RECORD SET:
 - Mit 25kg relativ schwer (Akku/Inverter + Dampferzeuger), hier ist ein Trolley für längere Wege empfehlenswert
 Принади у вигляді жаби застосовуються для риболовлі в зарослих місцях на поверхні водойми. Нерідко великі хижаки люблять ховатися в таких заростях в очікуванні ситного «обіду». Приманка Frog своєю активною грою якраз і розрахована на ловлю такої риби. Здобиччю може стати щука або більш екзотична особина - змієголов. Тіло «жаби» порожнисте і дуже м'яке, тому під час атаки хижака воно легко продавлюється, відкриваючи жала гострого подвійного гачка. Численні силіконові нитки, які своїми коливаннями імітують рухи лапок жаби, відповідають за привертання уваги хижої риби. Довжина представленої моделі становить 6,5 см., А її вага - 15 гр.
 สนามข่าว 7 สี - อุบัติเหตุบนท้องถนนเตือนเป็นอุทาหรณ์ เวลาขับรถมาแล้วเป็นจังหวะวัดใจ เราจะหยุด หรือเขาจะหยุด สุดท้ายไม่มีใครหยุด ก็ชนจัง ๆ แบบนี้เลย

* * *

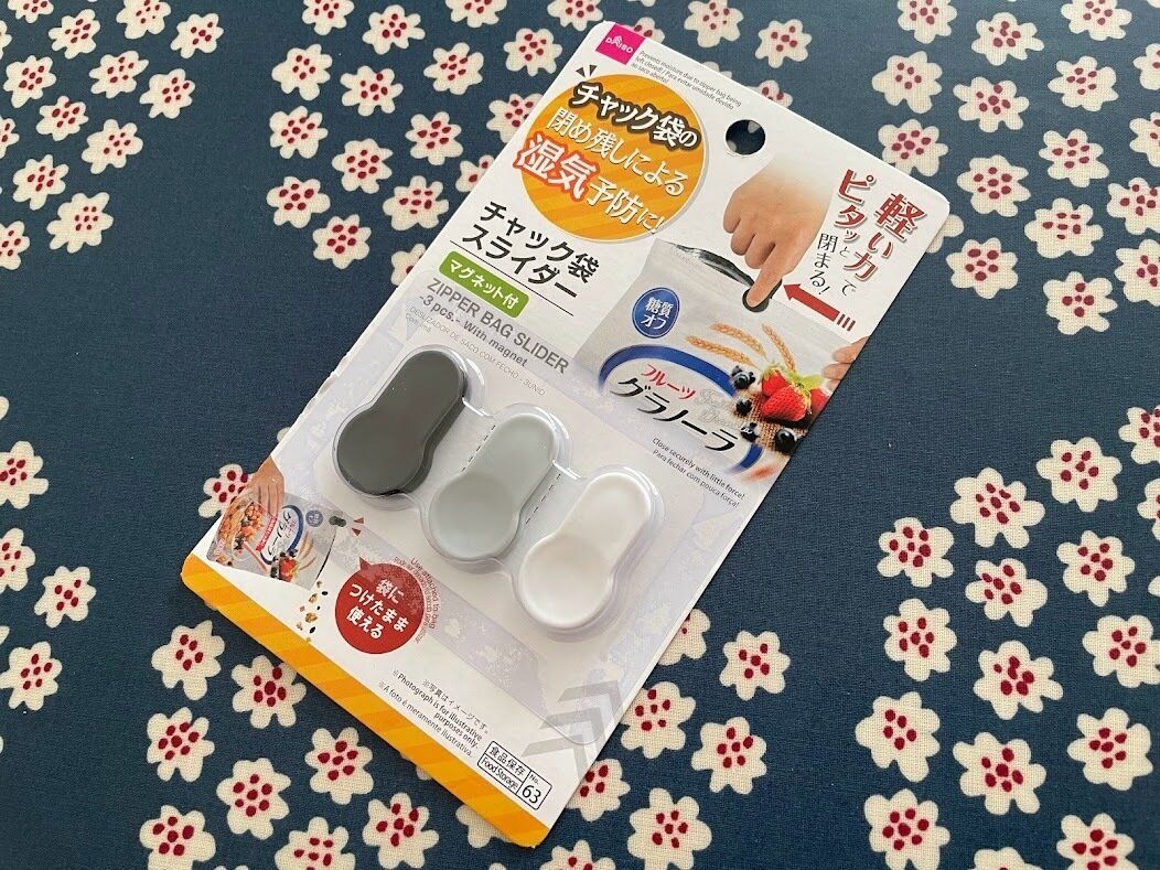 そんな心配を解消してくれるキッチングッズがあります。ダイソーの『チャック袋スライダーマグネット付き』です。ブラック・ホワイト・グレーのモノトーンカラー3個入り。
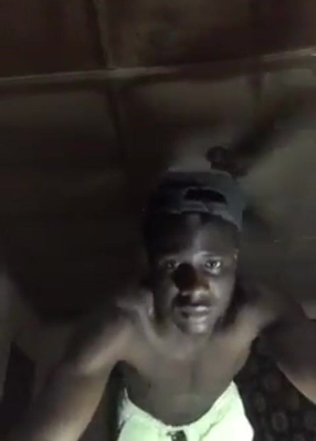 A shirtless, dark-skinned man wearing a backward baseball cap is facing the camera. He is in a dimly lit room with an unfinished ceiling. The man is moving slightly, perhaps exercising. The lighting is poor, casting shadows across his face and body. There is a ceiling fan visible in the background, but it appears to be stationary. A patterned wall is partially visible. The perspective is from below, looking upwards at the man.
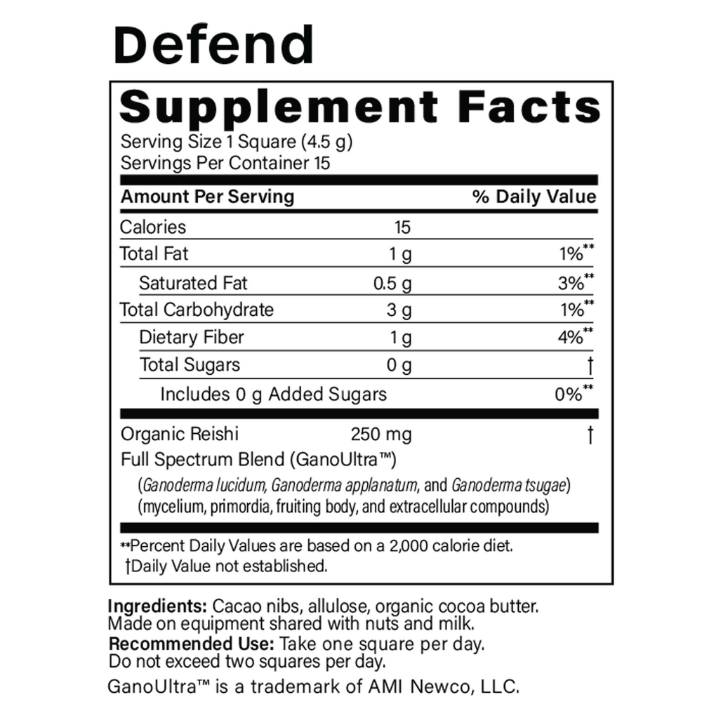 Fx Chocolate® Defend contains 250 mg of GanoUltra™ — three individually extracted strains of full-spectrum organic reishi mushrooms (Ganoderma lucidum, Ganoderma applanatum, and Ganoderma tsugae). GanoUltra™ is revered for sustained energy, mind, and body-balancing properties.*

AIM OF THE TASK: Copy nothing but the lines above that run from the one with "そんな心配を解消してくれるキ" to the one with "Fx Chocolate® Defend", ends included; pictures stay out.

REPLY TO THE TASK:
 そんな心配を解消してくれるキッチングッズがあります。ダイソーの『チャック袋スライダーマグネット付き』です。ブラック・ホワイト・グレーのモノトーンカラー3個入り。
 A shirtless, dark-skinned man wearing a backward baseball cap is facing the camera. He is in a dimly lit room with an unfinished ceiling. The man is moving slightly, perhaps exercising. The lighting is poor, casting shadows across his face and body. There is a ceiling fan visible in the background, but it appears to be stationary. A patterned wall is partially visible. The perspective is from below, looking upwards at the man.
 Fx Chocolate® Defend contains 250 mg of GanoUltra™ — three individually extracted strains of full-spectrum organic reishi mushrooms (Ganoderma lucidum, Ganoderma applanatum, and Ganoderma tsugae). GanoUltra™ is revered for sustained energy, mind, and body-balancing properties.*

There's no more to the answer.